What about American Samoa?
Residents of American Samoa are not actually American citizens; they are nationals. Current legislation to establish a right to vote specifies that only American citizens would have a right to vote, so nationals would not be included.
Will non-citizens and 16-year-olds be able to vote?
Under this amendment the decision about expanding the franchise to non-citizens and 16- and 17-year-olds would remain within states’ jurisdiction.
Does the amendment get rid of the Electoral College?
The amendment does not specifically comment on the Electoral College. However, by declaring that every U.S. citizen has a constitutional right to vote, it does lay the groundwork for an argument against the Electoral College. But if the Electoral College remains, the amendment would bind state legislatures to appoint presidential electors based on the popular vote of the people.
How is this amendment different from the Help America Vote Act (HAVA)?

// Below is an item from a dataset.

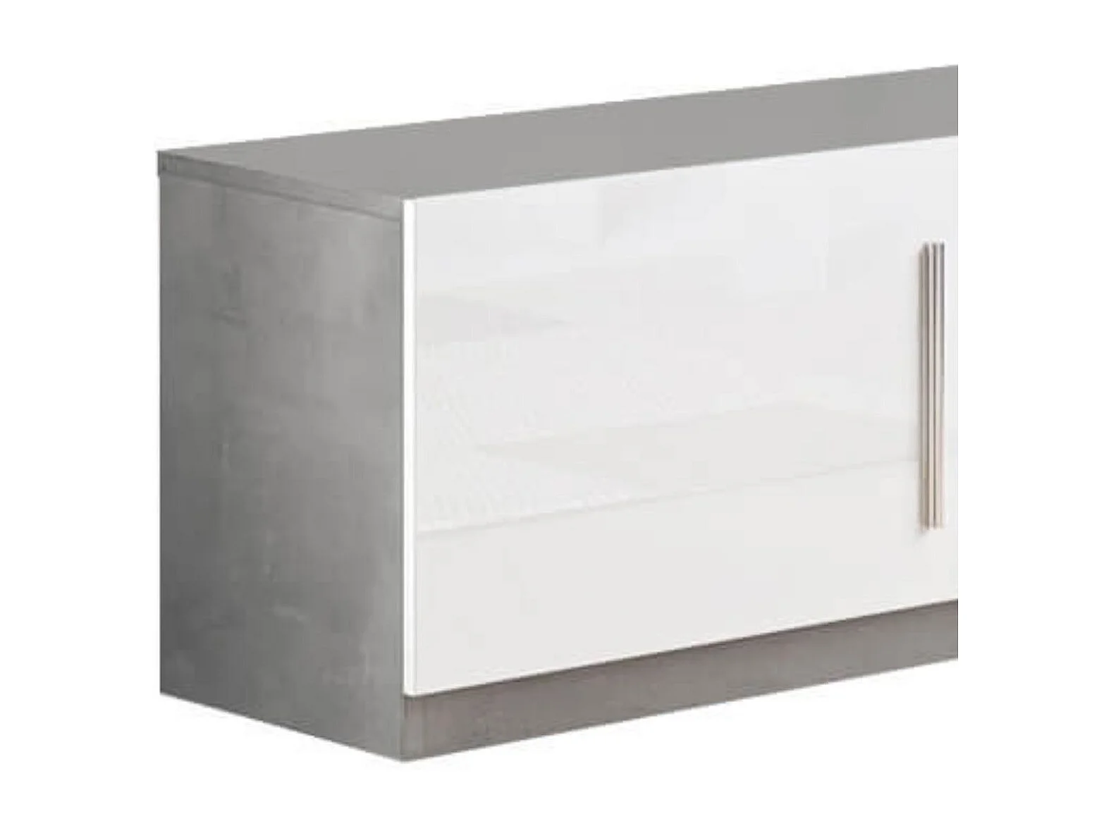 CLARK - Meuble TV 2 Portes Moderne Laqué Blanc et Marbre avec Leds

The Help America Vote Act of 2002 was a statute passed in response to the Florida election debacle and the systemic voting irregularities seen across the country after the 2000 presidential election. This act establishes some helpful standards. For example, it includes section on provisional ballots that allows a person to cast a vote if the person believes he or she is registered but does not appear on the voter register of that precinct. However, HAVA falls short because it does not set guidelines for how those provisional ballots should be counted.
Furthermore, the Act does nothing for the millions of Americans who are permanently disenfranchised in a dozen states because they are ex-felons. It does not prevent states from wrongly purging voters or engaging in other activities that limit the franchise. Fundamentally, it does not grant a right to vote. States still have the authority to direct electors to vote for a candidate of the legislature’s choice. A constitutionally protected right to vote is the only means to ensure that every American will be protected.
Does the amendment guarantee statehood for Washington, DC?
The Right to Vote Amendment does not specifically call for statehood for Washington, D.C. and its half million residents. However, the amendment does guarantee that all Americans who reside in our nation’s capital have a constitutionally protected individual right to vote, which could lead the way to full representation in Congress.
Is the right to vote a partisan issue?
No. The Supreme Court and many of our leaders from across the spectrum have affirmed the importance of the right to vote. Some may mistakenly believe that the amendment takes authority away from the states and moves it to the federal level, but in fact the amendment only ensures states meet certain clear standards in how they protect the right to vote. By ensuring that every American has an individual right to vote that is protected by the Constitution, this amendment establishes voting as an individual right, not just a privilege given by the states.